As I noted yesterday, I’ve been meaning to address the Right’s recent scapegoating of Fannie Mae and Freddie Mac.   Rather than attempt this in detail, I will restrict myself to one basic point and then provide some links to other pieces that get into a more thorough analysis, both of the politics and the economics.

Here’s all you really need to know to dismiss the claim that this is F&F’s fault: the US government took them over on September 8th, thereby guaranteeing all of their outstanding bonds.  F&F have continued to function under this “conservatorship,” buying mortgages that meet basic underwriting standards and then issuing debt backed by those assets.  Mortgage rates dropped over one full percentage point when this action was taken, providing much needed support to the housing market.

It was after the takeover that the credit and stock markets really went into free fall.  This is not because F&F’s bonds were a problem.  Quite the opposite—because of their government backing, they are among the “safe” investments that continue to trade in an orderly way and to maintain their value.  No—the collapse really got going after Lehman was allowed to fail (big mistake in retrospect) and banks and money market funds got so panicked that they wouldn’t buy one another’s debt. 

What about all that “toxic waste” you hear about that is clogging up the credit markets and led to the $700 billion rescue plan/bail-out?  Again it has nothing to do with F&F.  It’s all privately issued paper.  Yes, F&F encouraged some risky lending too, but they have never been the most aggressive players in this game and their mess has now been thoroughly contained.  Additionally, Salon.com’s Andrew Leonard has a fine post on the hollowness of McCain’s political rhetoric regarding F&F.

As for the more general argument that lending to poor people, especially as a result of the Community Reinvestment Act (CRA), is the root cause of our troubles, Daniel Gross has this excellent piece at Slate.com providing a thorough debunking.
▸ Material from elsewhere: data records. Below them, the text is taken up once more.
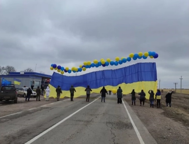 Украинские активисты 28 февраля запустили в сторону оккупированного Россией Крыма флаг Украины. Об этом сообщает издание "Крым. Реалии".
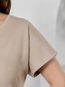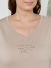 Туника женская из гладкокрашенного трикотажного полотна «кулирка», прямого силуэта, с цельнокроеными рукавами, горловиной V- образной формы, обработанной втачной планкой из основного материала, с разрезами в боковых швах. На полочке выполнена печать в технике "шелкографии".
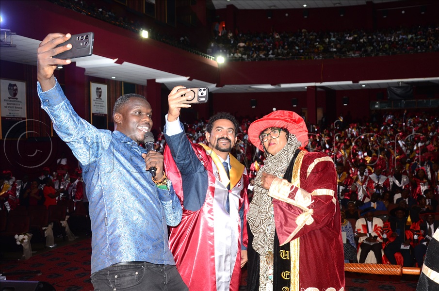 (L-R) Daniel Choudry, H.E Amb. Hassan Alwi and Amb. Dr. Amina C. Mohamed the University Chancellor International University of East Africa (IUEA) taking a selfie during the 12th graduation ceremony of the International University of East Africa at the main campus in Kampala on November 27, 2025.

Here’s the short version: the CRA was enacted in 1977.  Shouldn’t that alone indicate that it was not remotely at fault in this collapse?  It is in fact one of the best pieces of legislation that has come out of Washington in the past 30 years.  Remember what our cities were like in the ‘70s and early ‘80s?  The renaissance of urban centers in New York, Chicago, Boston, LA, Phladelphia, Atlanta, etc. probably would not have happened without the CRA.  It is a beautiful example of the marrying of government initiative and private sector implementation.

More on the markets and politics coming soon.  I’m also planning a piece on how I believe investors should respond to these dramatic (and painful) events.   Perhaps you noted the disappointing rhetoric on spending restraint that I predicted we would hear in last night’s debate?  Obama mocked Bush’s post 9/11 call for shopping, but the next President will probably want to urge us to keep spending too, although it must be government spending that really drives the recovery. 

There is still a wide gap between the talking points of both candidates and the reality of this crisis.  But I have little doubt that McCain’s anti-spending bias will be a disaster, despite the fact that his “new” advocacy for the federal purchase of individual mortgages is perhaps a step in the right direction (the devil’s in the details, and we don’t really know them yet). 

On the other hand, I am increasingly hopeful that an Obama administration, backed by a sweeping mandate (how’s 345 electoral votes sound?) and large majorities in Congress, will lead us in a dramatically new and exciting direction based upon major investments in areas that have been starved for support during the past thirty years of Conservative dominance.